La persistencia de síndromes neuroinflamatorios y de coagulación después de la infección por SARS-CoV-2 o la vacunación ha provocado preocupaciones sobre la actividad biológica extendida de la proteína espiga. Dichas preocupaciones se hacen extensivas a la exposición fetal y en la primera infancia a través de la vacunación materna. Aquí presentamos un caso de formación de fibrillas amiloidogénicas en un niño tres años después del nacimiento, luego de la exposición intrauterina a la proteína espiga codificada por la vacuna de ARNm.).

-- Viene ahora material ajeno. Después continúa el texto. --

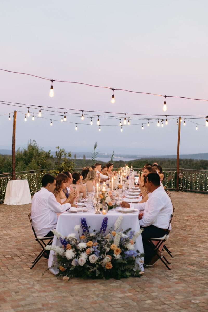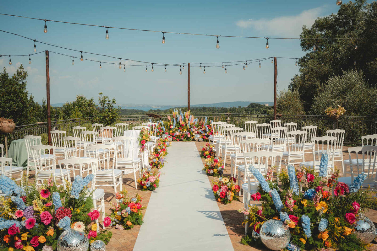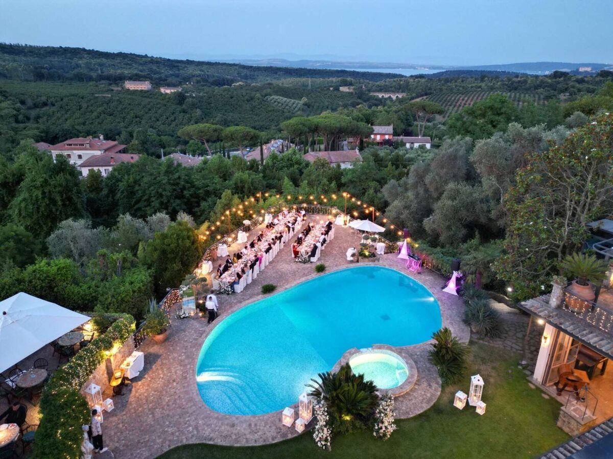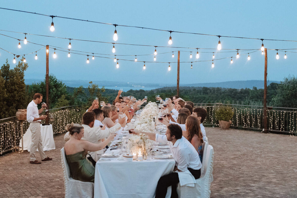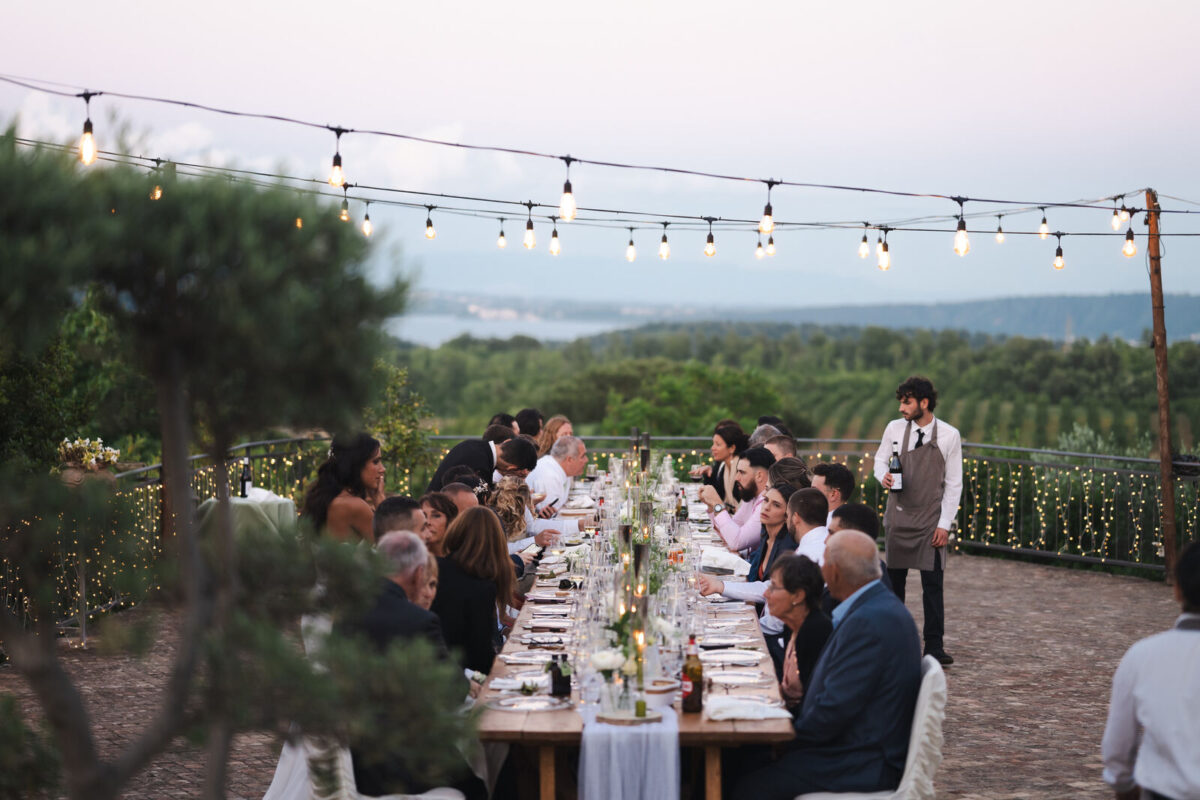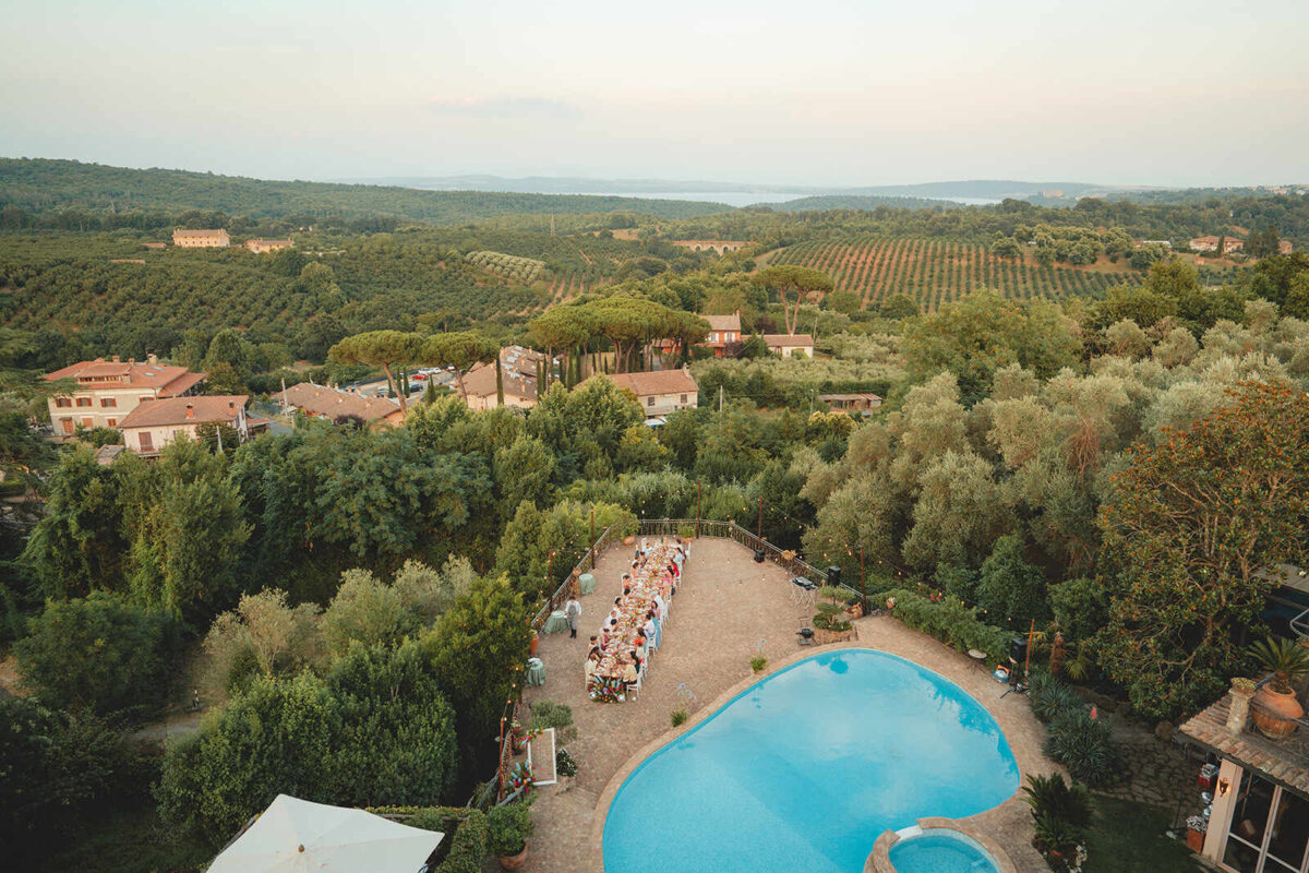 At Villa Clodia, the experience begins the moment guests arrive, stepping into the villa and taking in the quiet of the surrounding countryside. Time is given to settle in before gathering for a terrace ceremony, where the views stretch out towards Lake Bracciano. From there, the celebration shifts into an aperitif as the light softens, with conversations flowing across the gardens and open spaces. As evening draws in, everyone moves indoors or onto the terrace for dinner, where the atmosphere deepens and the celebration carries on in a way that feels effortless, guided by the setting rather than a fixed schedule.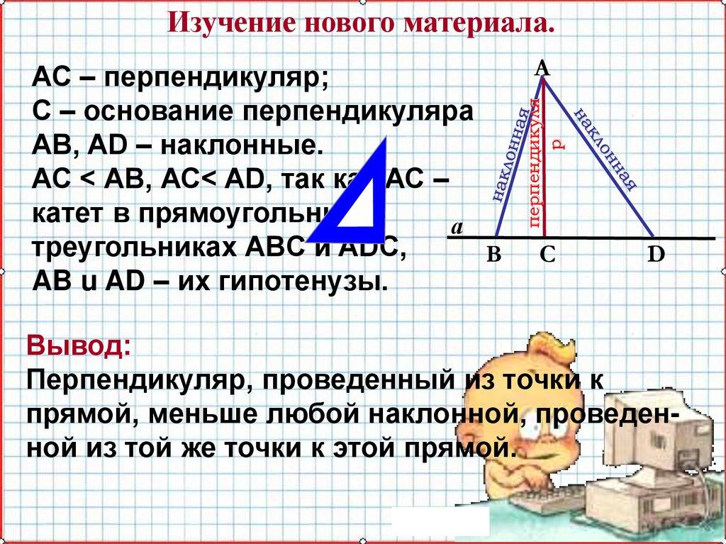 прямой, меньше любой наклонной, проведенной из той же точки к этой прямой.

Este caso es crucial, pues resalta la necesidad de un análisis exhaustivo y sistemático de la biología post-vacunación, sobre todo en contextos pediátricos y de desarrollo posiblemente vinculados con investigaciones de guerra biológica. La persistencia de fibrillas amiloidógenas años después de la exposición gestacional no debe ignorarse basándose en modelos farmacocinéticos obsoletos. Solo una vigilancia rigurosa tras la comercialización, replicación independiente y acceso transparente a los datos de las vacunas pueden resolver estas preguntas apremiantes, en particular hasta que se controle la amenaza de amiloides/PRIONES sintéticos derivados de la guerra biológica que acontece en silencio.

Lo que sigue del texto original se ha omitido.